Bamsoet: Tak Ada Negara yang Berikan Subsidi BBM Sebesar Indonesia
Pemerintah telah menambah anggaran subsidi BBM, gas, dan listrik hingga menjadi Rp 502 triliun. Ketua MPR Bambang Soesatyo menyebut tidak ada negara di dunia yang memberikan subsidi BBM sebesar Indonesia.
“Tidak ada negara yang memberikan subsidi sebesar itu,” kata Bambang Soesatyo dalam Sidang Tahunan MPR RI dan Pidato Kenegaraan Presiden, Selasa (16/8).
Bambang mengatakan, besarnya subsidi energi tersebut tak lepas dari harga minyak dunia yang mencapai US$ 98 per barel, jauh lebih tinggi dari asumsi APBN 2022 di angka US$ 63 per barel. Lonjakan harga minyak tersebut, menurut dia, juga mempersulit pemerintah untuk menahan tekanan inflasi jika harus kembali menambah subsidi.
Bambang juga menyoroti tantangan sektor fiskal dan moneter yang membayangi Tanah Air. Dari sektor fiskal, menurut dia, pemerintah harus dapat menormalisasi defisit anggaran, menjaga proporsi utang luar negeri terhadap Produk Domestik Bruto alias PDB, dan keberlanjutan pembiayaan infrastruktur. Sementara dari sektor moneter, Indonesia harus mengendalikan laju inflasi, menjaga cadangan devisa, dan menjaga stabilitas nilai tukar rupiah.
“Defisit anggaran yang harus kembali ke angka kurang dari 3% pada tahun 2023 menjadi tantangan utama karena kondisi pemulihan yang tidak menentu,” ujar Bambang.
Di sisi lain, menurut dia, peningkatan utang yang signifikan menimbulkan beban pembayaran bunga tambahan. Untuk itu, menurut dia, strategi yang dapat digunakan pemerintah adalam jangka pendek adalah menyusun prioritas dan realokasi anggaran. Sementara dalam jangka panjang, menurut dia, pemerintah harus memiliki perencanaan pembayaran utang sedikitnya dalam jangka 30 tahun ke depan.

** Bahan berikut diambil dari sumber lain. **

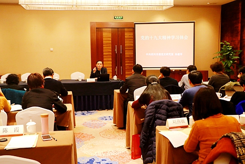 上午的学习会由吴勤波副主委主持。市委会特邀市党史研究室主任孙建军作党的十九大精神辅导讲座。讲座紧紧围绕习近平新时代中国特色社会主义思想这条主线,分别从“伟大的梦想”“清醒的判断”“新的行动指南”和“治国理政的战略”四个方面,用生动的事例鲜明地诠释了十九大的鲜明主题、习近平新时代中国特色社会主义思想的丰富内涵、党的十八大以来党和国家事业发生的历史性变革、中国特色社会主义进入新时代的重大意义、我国社会主要矛盾变化的深远影响、“两个一百年”奋斗目标、坚定不移全面从严治党的重大部署等内容。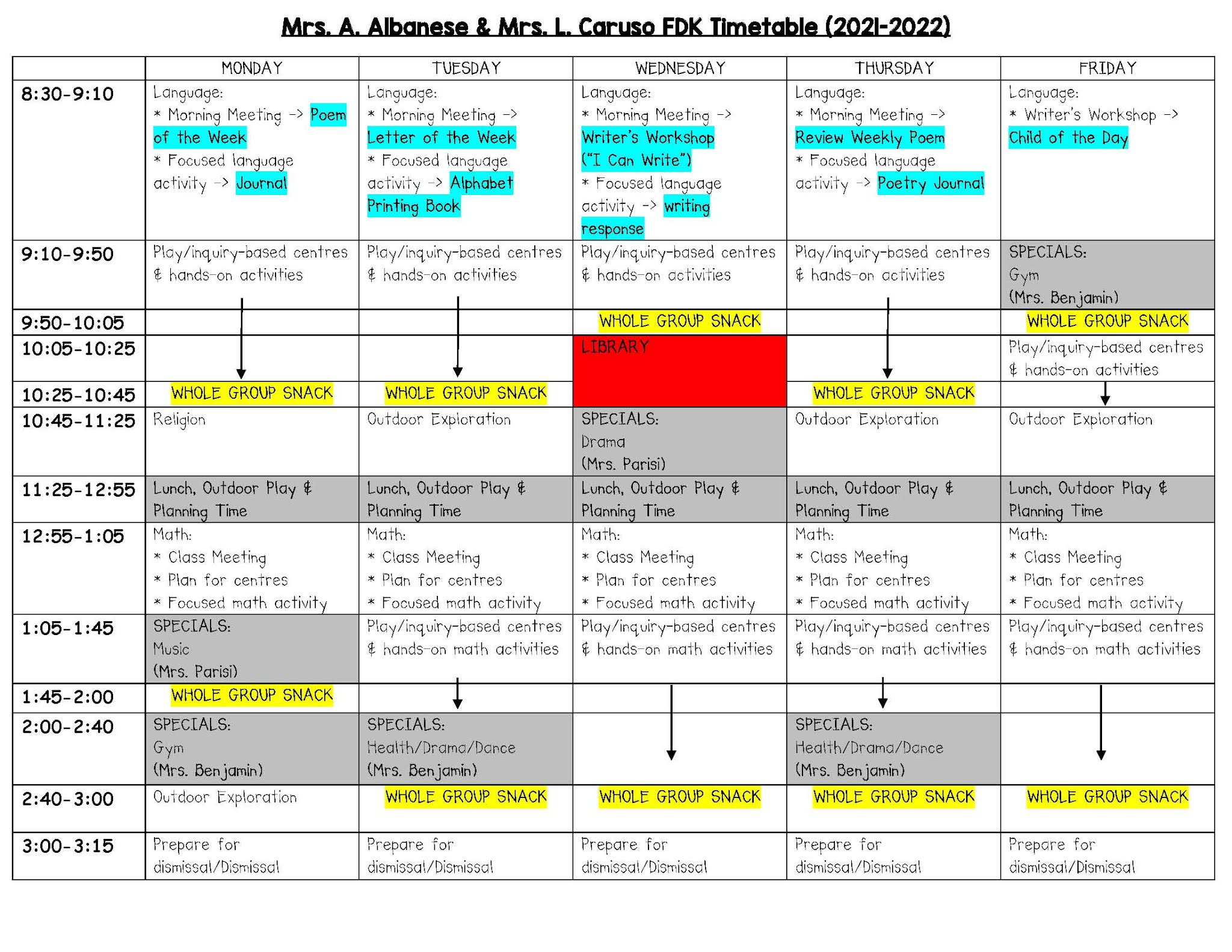 Keep in mind that it still may change (early in the year to finalize everything) but this is how we planned out our week.
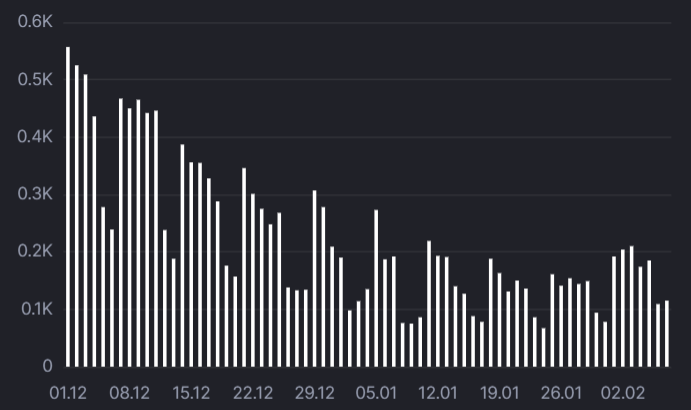 При этом смертность от ковида идет на спад - что также отвечает общемировым тенденциям. Она опускалась весь декабрь и январь, и только в начале февраля спад прекратился и стабилизировался на отметке 100-200 человек в день.

Pemerintah saat ini harus memilih antara menaikkan harga bahan bakar minyak (BBM) atau menambah anggaran subsidi dan kompensasi energi di tengah ancaman kuota BBM bersubsidi khususnya Pertalite yang menipis. Namun demikian, Kementerian Keuangan mengatakan masih terus memonitor perkembangan konsumsi BBM terkini. Staf Ahli Bidang Pengeluaran Negara Kementerian Keuangan Made Arya Wijaya mengatakan pemerintah masih mengkaji dua pilihan tersebut dan memastikan kenaikan harga BBM bersubsidi sebagai opsi terakhir.
"Kebijakan penyesuaian harga merupakan pilihan yang terakhir," ujarnya kepada Katadata.co.id, Senin (15/8).
Anggota BPH Migas Saleh Abdurrahman mengatakan saat ini kuota Pertalite hanya tersisa 27% atau 6,2 juta kl. Padahal rata-rata konsumsi Pertalite per bulan mencapai 2,4 juta kl. Sedangkan kuota solar bersubsidi tersisa 33,6% atau 5 juta kl sampai akhir tahun dengan rata-rata penyerapan BBM Solar di angka 1,41 juta kl. Saleh mengatakan pemerintah dan DPR sudah mengajukan kenaikan kuota Pertalite menjadi sekitar 29 juta kl.
"Sudah diajukan ke pemerintah, menunggu putusan dari Kemenkeu," kata Saleh kepada Katadata.co.id.
Susiwijino mengatakan, pemerintah akan membuat harga BBM tidak akan terlalu memberatkan masyarakat jika harus memilih untuk menaikkan harga. Selain itu, pemerintah akan menyiapkan tambahan berbagai bantuan sosial.